It is in the chapter called "Conclusions" that the interest suddenly becomes dramatic. Mr. Bayfield has been arguing that Shakespeare is not printed as he should be printed—that is, with "the clear and uncramped enunciation of trisyllabic and quadrisyllabic feet"—and that the mangling of these was done for and by the players in order to reduce the verse to the common disyllabic type which alone they could comfortably manage. But now he derives a "flood of light" from the 1616 Jonson folio, the proofs of which are presumed to have been corrected by Jonson himself. From the printing of Sejanus he finds that Jonson's resolutions are abridged even where the line makes their full enunciation essential to the rhythm. Space will not permit the tracing of the new argument here, but Mr. Bayfield at length concludes that what he has supposed in the first three hundred pages of his book to be attributable to the perversities of the Press, are after all merely recognised contractions which were never meant to suggest the clipped pronunciations given to them. His charge, in fact, is no longer levelled against the early texts from which his affluence of instances is drawn, but against the interpretation of them; the very apostrophe (with division) being in reality but a signal calling attention to the resolution which generations of editors, readers, and players have supposed it was meant to abolish. The dramatic interest is complete.
Mr. Bayfield claims for his books the authority justly due from forty-five years' application of prosodic principles to English verse. We can but conclude with wishing Shakespeare's Versification a fuller index and a wide study, and suggest to the author that those who are concerned with verse as writers and not as teachers have not always failed to give the full syllabic value to the common abbreviations of the text.
Miss Ford's book is a "practical" treatise and might have been a valuable one. The first sentence tells us that many of her examples of verse-forms are from her own pen, while Mr. Bayfield has at any rate been content with Shakespeare. Why should she write four stanzas in imitation of Love in the Valley? She thinks it too well known to make quotation advisable, yet gives us the commonest things of Wordsworth and Shelley and Coleridge. She misprints Shakespeare and Wordsworth shamefully, thinks that Professor Saintsbury is dead, and, sparing only four pages for "the lyric," devotes twenty-seven to such forms as roundel, ballade, etc. Her book, we think, has been spoiled by haste; yet she has such enthusiasm and brightness as tempt us to regret that haste and to hope for better work.
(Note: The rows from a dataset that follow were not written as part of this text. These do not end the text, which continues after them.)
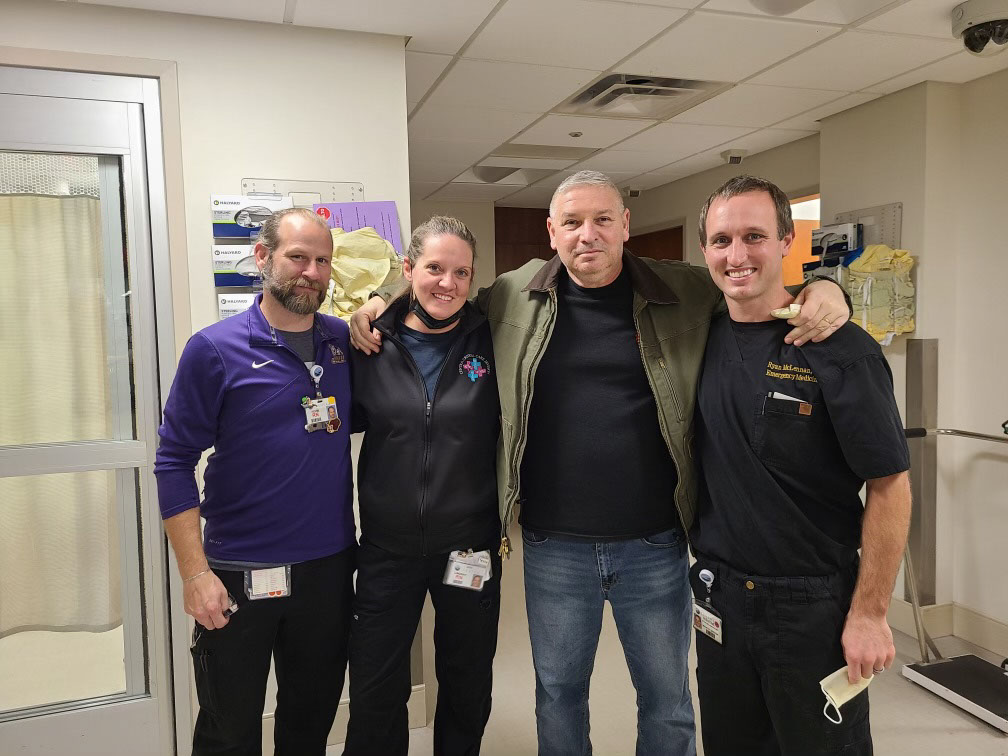 His next memory is having a nitroglycerin pill under his tongue and sitting up on the observation table and saying, “I’m feeling better,” until he suddenly fell backward on the exam room table. What happened next was far from a sign of feeling better–Jennifer, described how he began having convulsions and his heart completely stopped. The Bedford ED team immediately began administering CPR and attempting to resuscitate John.
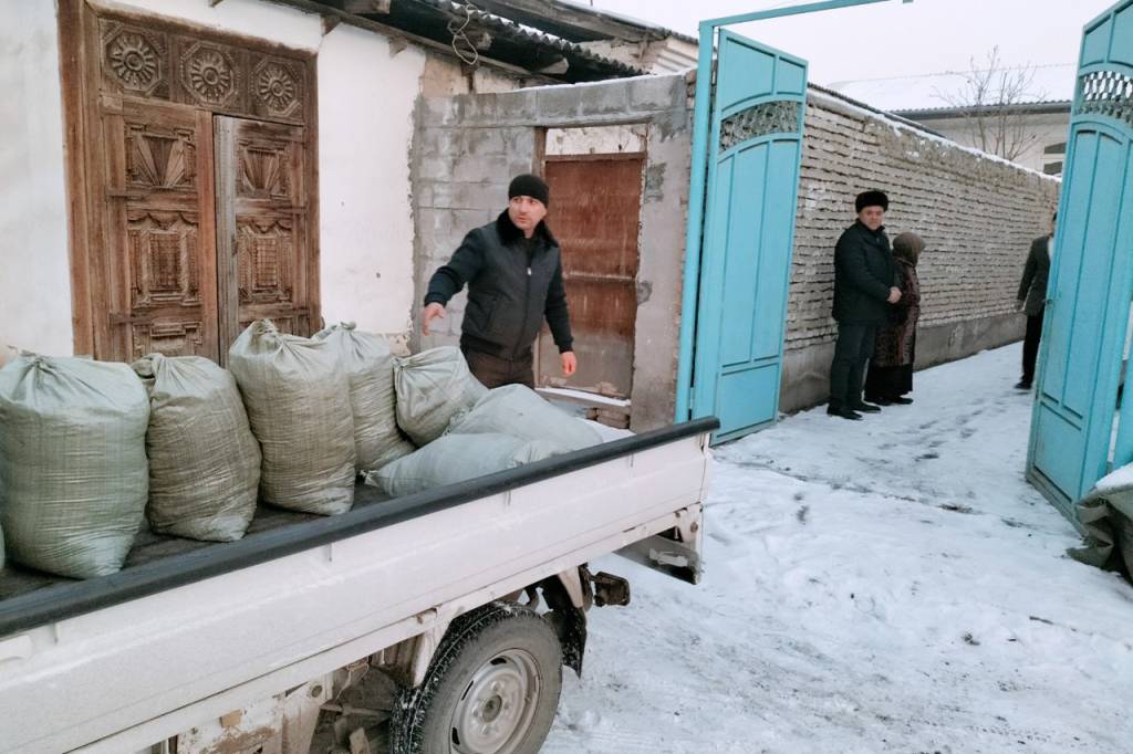 В эти морозные дни в Шахриханском районе Андижанской области представителям социально уязвимых слоев населения раздают уголь и продукты.
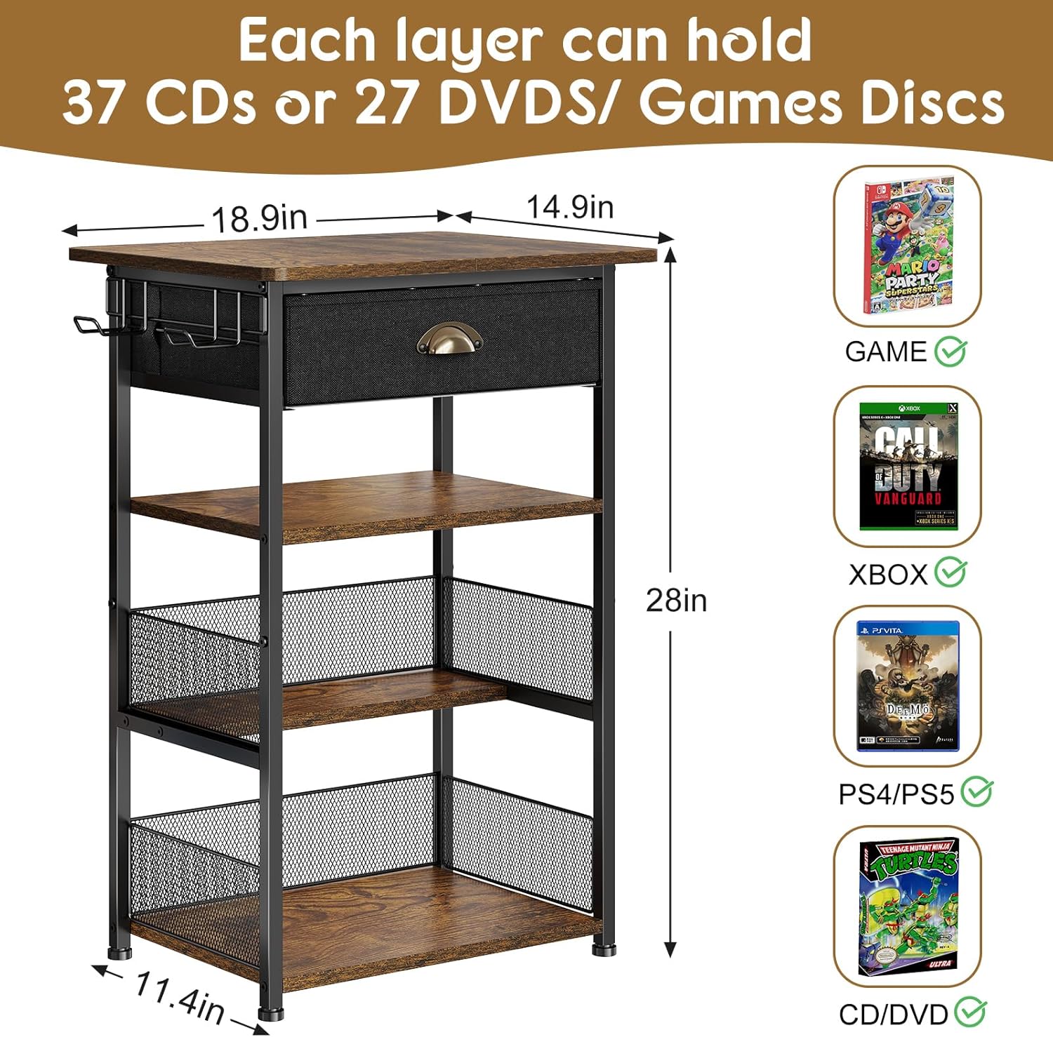 The dimensions of our gaming stand are 16.5(L) x 11.4(W) x 27.5(H) inches,Our game console shelf can hold various types of discs. Including Switch/PS4/PS5/CD/DVD and so on, each tier can hold roughly 37 CDs or hold 27 DVDs or game discs, large capacity storage space to meet your storage needs.
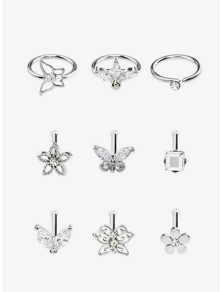 This silver-tone set is just waiting to flutter into your body jewelry collection! Includes nose studs and hoops featuring butterfly and flower detailing, plus CZ accents.
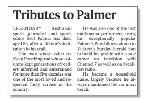Sadly, the story turned out to be one marking the passing of Scot Palmer, a well-known and popular sports reporter and editor who died recently at the age of 84 after a long and colourful career.

ROUSSEAU AND ROMANTICISM. By Irving Babbitt. Houghton Mifflin Company. 17s. net.
Metaphysicians have been forced by the impossibility of obtaining from observed nature either confirmation or disproof of their theories to develop a technique the principal aim of which is coherence. So admirable indeed has this technique become in its logic and complexity that it has been adopted by many workers in other fields, on the whole with disastrous results. In this book Professor Babbitt applies it to literature, although he appears quite able to follow more empirical methods. His reading has been extensive, and his judgments are precise. Unfortunately he is not much interested in or amused by books save as the symptoms of moral and metaphysical observations. He eats nothing out of them. He only covers them with his cobwebs.
Like most metaphysicians, Professor Babbitt thinks in twos. The trick is familiar. Define A. Call not-A B. One is very bad, one very good, and the history of life, or of whatever else is under discussion, is the history of their conflict. For this professor, A is an emotional and naturalistic romanticism, and is very bad indeed. Rousseau is its high prophet, the great war its issue, and "smart young radicals" its dupes. We are invited back to ancient Greece, where A is absent, and B, that is to say classicism, has neither artifice nor formality, back to Socrates, back to Aristotle, back apparently to anyone who is a philosopher and not a poet.
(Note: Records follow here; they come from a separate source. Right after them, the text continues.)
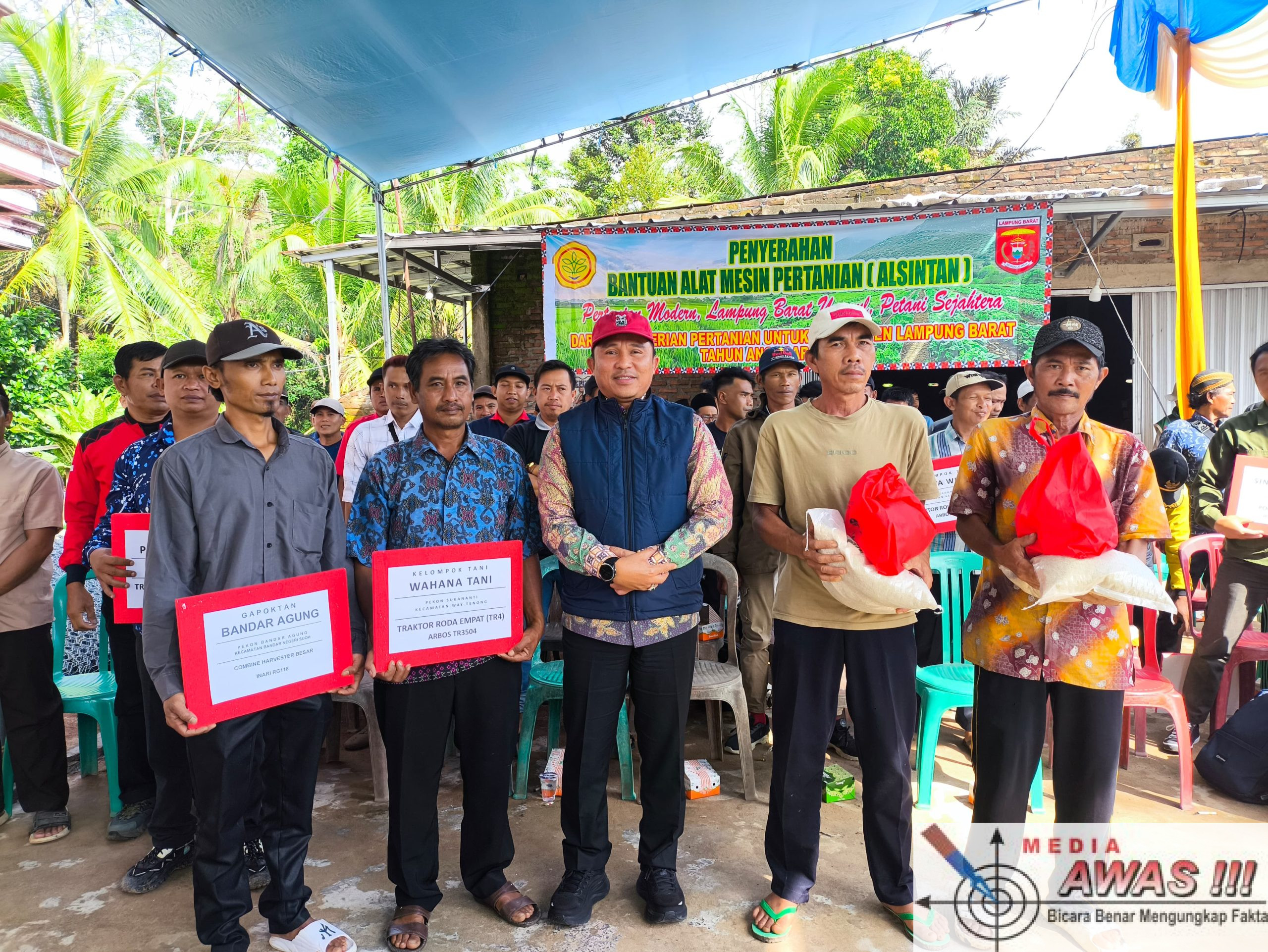 Mediaawas.com Upaya memperkuat ketahanan pangan terus dilakukan Pemerintah Kabupaten Lampung Barat. Bupati Lampung Barat H. Parosil Mabsus kembali menyalurkan bantuan alat dan mesin pertanian (Alsintan) kepada sejumlah kelompok tani dalam kegiatan Penyerahan Alsintan dan Penanaman Bibit Pohon Bersama BPC HIPMI, yang berlangsung di Pekon Bumi Hantatai, Kecamatan Bandar Negeri Suoh, Selasa (23/12/2025).
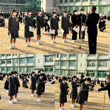本日の全校集会で大阪市理科教育研究発表会に出展された作品の賞状伝達を行いました。優秀な作品が揃い、その中の1つは大阪市代表として、大阪府学生科学賞に出展されました。
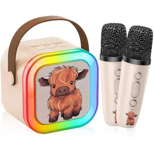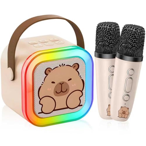 Karaoke Machine Children's Mini Karaoke Machine with 2 Microphones, Bluetooth Speaker with LED Lights and Voice Changer, Gift for Girls 3, 4, 5, 6, 7, 8, 9, 10, 11, 12+ Years (Beige)
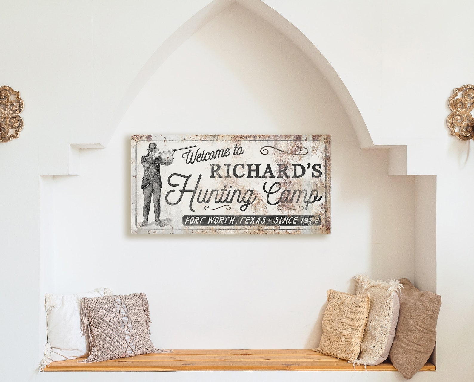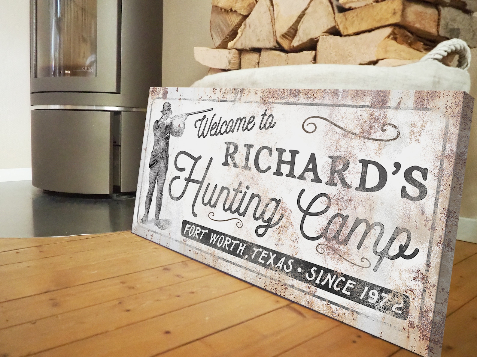 The rustic and weathered textures you see in the artwork will look the same no matter what item you order on. That means metal, wood, and canvas all have the vintage look to them!

Now there is an essential fallacy in grouping writers like politicians, in ringing a division bell for ever in their ears and furthermore doing their voting for them. This talk of schools and of influences and of disciples is extremely prevalent among the academic critics in America. It may safely be said that they have illuminated nothing thereby. Writers may use the language of their times and their friends, but it is as a vestment and not as a foundation. Of course, the romantic revolution, like the spluttering rebellions of our own day, may have induced some subordinates to produce manifestos and call them works of art. Some young men may be so excited by the eccentricity of their form as to forget the necessity of any content. But such works do not usually occupy the critic for long, and valuable appreciation of literature will not be content with a quasi-botanical classification.
What are we to do, for example, with Charles Lamb? Is he a classicist or a romanticist? Professor Babbitt has no qualms in affixing the latter label. Lamb is as romantic as Wordsworth is, he says, but about towns instead of about the country, and as a proof he refers the reader to a letter in which Lamb, writing to Wordsworth, says: "In London I have formed as many and intense local attachments as any of you mountaineers can have done with dead nature. The lighted shops of the Strand ... the old bookstalls, parsons cheapening books, coffee houses, steams of soup from kitchens, the pantomimes," and so on. Little can be gained for the appreciation of Elia or of the "Lake School" by saying classic or romantic about this, and if this is indeed a child of Rousseau, we may be certain that he would have dropped it with the rest at the door of the foundling hospital.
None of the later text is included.